The results of the user pooling model look similar to the no pooling model. However, topics are even more mixed up and less interpretable since users tend to tweet about different topics.

### Hashtag Pooling

In [None]:
# Train and evaluate different hashtag pooling models by running the function
hashtag_pooling_models = compute_coherence_values(dictionary=dictionary_hashtag_pooling,
                         corpus=corpus_hashtag_pooling, texts=tokenized_documents_hashtag_pooling)

In [None]:
# Display the coherence score of the different models
model_list_hashtag_pooling = hashtag_pooling_models[0]
coherence_values_hashtag_pooling = hashtag_pooling_models[1]

limit=9; start=4; step=1;
x = range(start, limit, step)
_ = plt.plot(x, coherence_values_hashtag_pooling)
_ = plt.xlabel("Num Topics")
_ = plt.ylabel("Coherence score")
_ = plt.legend(("coherence_values"), loc='best')
_ = plt.savefig("hashtag_pooling_coherence_scores")
_ = plt.show()

Choose the model with the highest coherence score (7 topics).

In [None]:
# print topics of model with highest coherence score
lda_model_hashtag_pooling = model_list_hashtag_pooling[3] # 7 topics
_ = lda_model_hashtag_pooling.print_topics()
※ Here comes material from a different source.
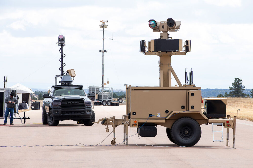 Vendors at Falcon Peak included Squarehead Technology, which has developed an acoustic system that pinpoints drones by sound. “You see a lot of drones flying near the ground, in the ground clutter, making it difficult for radars to pick up on them. Acoustics doesn’t have that issue,” Knut Moe, Squarehead Technology vice president of defense, told Fox.
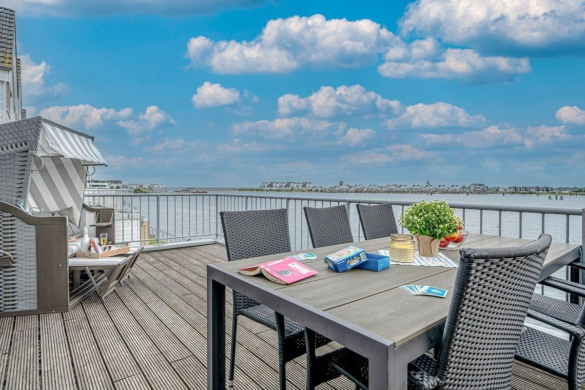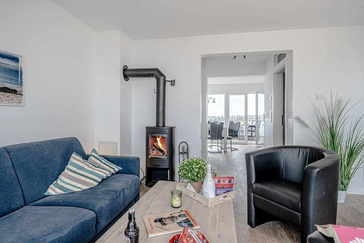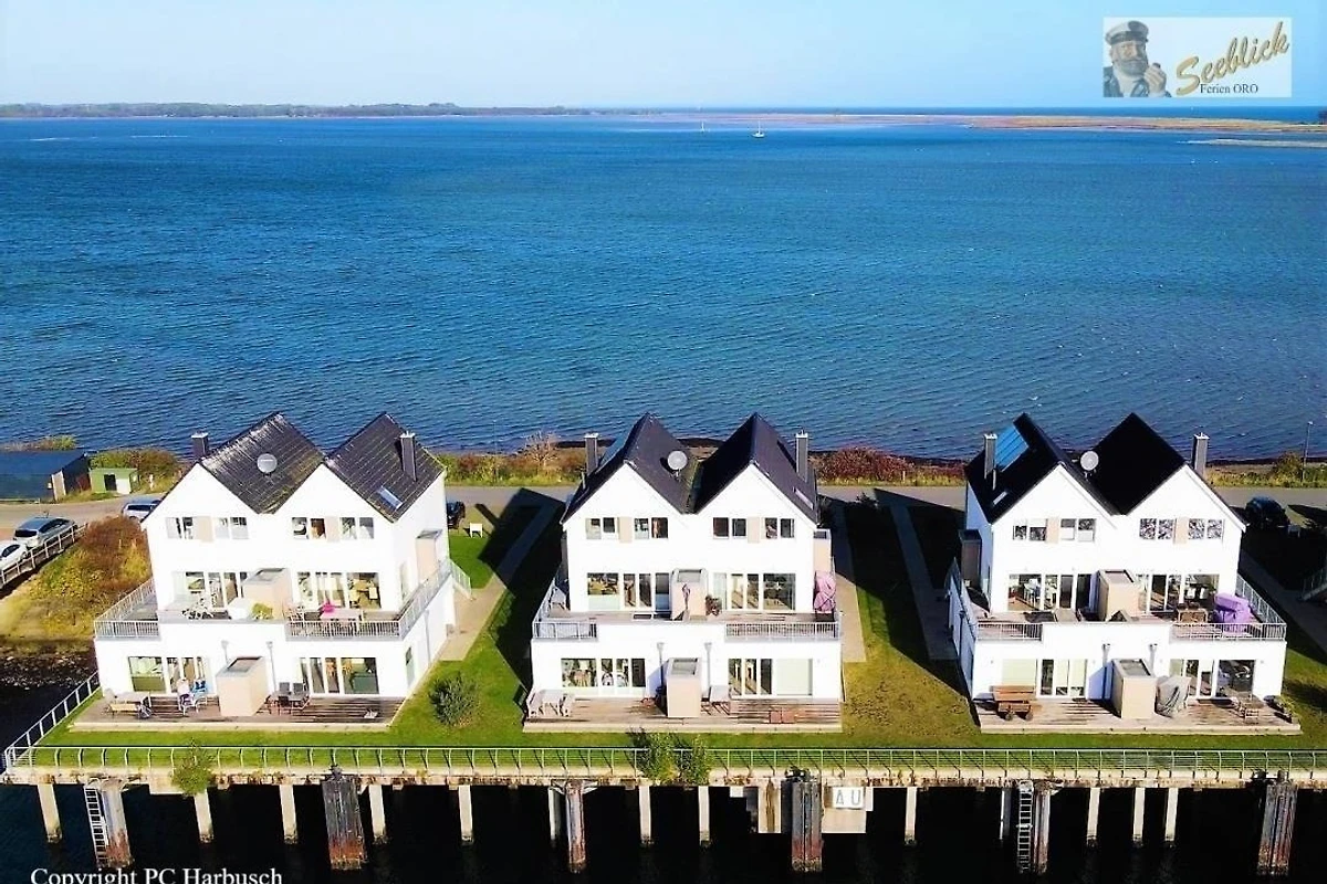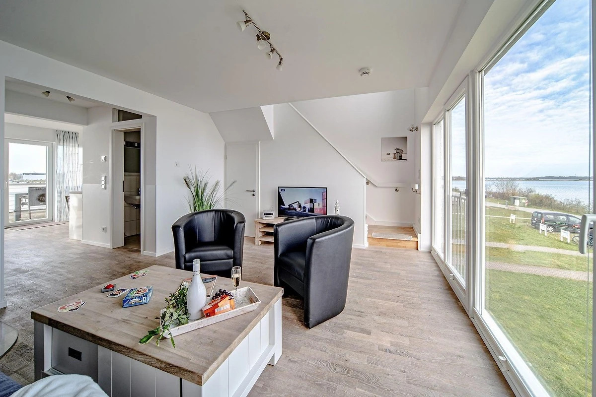 Der Blick dieser Maisonette-Wohnung auf zwei Ebenen im Ober- und Dachgeschoss des Hafenhauses am Kaianleger im OstseeResort Olpenitz mit 93 qm Wohnfläche ist wirklich unbeschreiblich! Durch die grossen Fensterflächen gelangt viel Licht in die Wohnung, so dass sie stets hell und einladend wirkt - und man fühlt sich hier fast mehr wie auf der "Kommandobrücke" eines (Kreuz-) Schiffs als in einer Ferienwohnung! Den Lebensmittelpunkt dieses loftartig gestalteten Feriendomizils bietet die Eingangsebene im 1. Obergeschoss, in dem die Räume fast fliessend ineinander übergehen. Das geräumige und einladende Wohnzimmer hat einen unbeschreiblichen Ausblick auf die Schlei und ist der ideale Treffpunkt für die ganze Familie, auch bei kühleren Jahreszeiten, wenn der eingebaute Kamin prasselt. Über den angrenzenden Essbereich mit offener Küche gelangt man zur grossen Terrasse in Südausrichtung und einem 180 Grad-Panoramablick über den ganzen Hafen. Abgerundet wird diese Etage mit einem Gäste-WC und Dusche. Über eine bequeme Treppe gelangen Sie vom Wohnbereich ins Dachgeschoss zu den zwei Schlafzimmern und dem grosszügigen Wellness-Bad mit Duche, grosser Badewanne mit Whirlpoolfunktionen und einer Infrarotsauna. Das Masterbedroom mit Blick in Richtung Marina verfügt zudem über einen TV. Hier bietet sich überall ein unvergleichbarer Ausblick auf Hafen und Schlei. Mehr Wasserblick als speziell in diesem aussergewöhnlichen Ferienobjekt können Sie fast nirgendwo sonst haben: Nach Norden vom Wohn- und Schlafzimmer aus auf Schlei und die vorbeifahrenden Segelschiffe, die Ostsee sowie den Leuchtturm von Schleimünde, und nach Süden von Essbereich und grosser Panorama-Terrasse aus auf das komplette Hafengebiet von Port Olpenitz!

### Visualize Hashtag Pooling Model

In [None]:
pyLDAvis.enable_notebook()
vis_hp = pyLDAvis.gensim.prepare(lda_model_hashtag_pooling, corpus_hashtag_pooling, dictionary_hashtag_pooling)

In [None]:
vis_hp

### Intermediary Result:

After training ~50 models for each pooling method, the following conclusion was reached: An inspection of the topics of the no pooling and user pooling method shows that they are less human interpretable than hashtag pooling models and show some repetitions in words among topics. Moreover, the no pooling model and user pooling model are very unstable as tweets are very short. The best trained hashtag pooling model (meaning the one with the most human interpretable topics) will therefore be saved and used for further purposes. Hashtag pooling was also shown to give the best results in various research papers.

## Save Models

In [None]:
lda_model_no_pooling.save("../outputs/lda_model_no_pooling.model") 
lda_model_user_pooling.save("../outputs/lda_model_user_pooling.model") 
lda_model_hashtag_pooling.save("../outputs/lda_model_hashtag_pooling.model")

## Test Whether TFIDF Can Improve LDA (Instead of BOW)

Sometimes TFIDF improves LDA performance although LDA is mathematically meant to process a BOW input. TFIDF is therefore used to transform the corpus of the chosen model (hashtag pooling model with 7 topics).

In [None]:
# Initialize tfidf model
tfidf_hashtag_pooling = models.TfidfModel(corpus_hashtag_pooling)
   
# Run term frequency inverse document frequency transformation
# (transform bag-of-words integer counts corpus to tfidf real-valued weights
# corpus)
corpus_tfidf_hashtag_pooling = tfidf_hashtag_pooling[corpus_hashtag_pooling]
for doc in corpus_tfidf_hashtag_pooling:
    print(doc)

In [None]:
# Train hashtag pooling model with tfidf corpus
lda_model_hashtag_pooling_tfidf = models.LdaModel(corpus_tfidf_hashtag_pooling,
                                                  id2word=dictionary_hashtag_pooling,
                                                  alpha='auto', eta='auto',
                                                  eval_every=1,
                                                  iterations=400, passes=20, num_topics=7)

In [None]:
# Trint topics of model
_ = lda_model_hashtag_pooling_tfidf.print_topics()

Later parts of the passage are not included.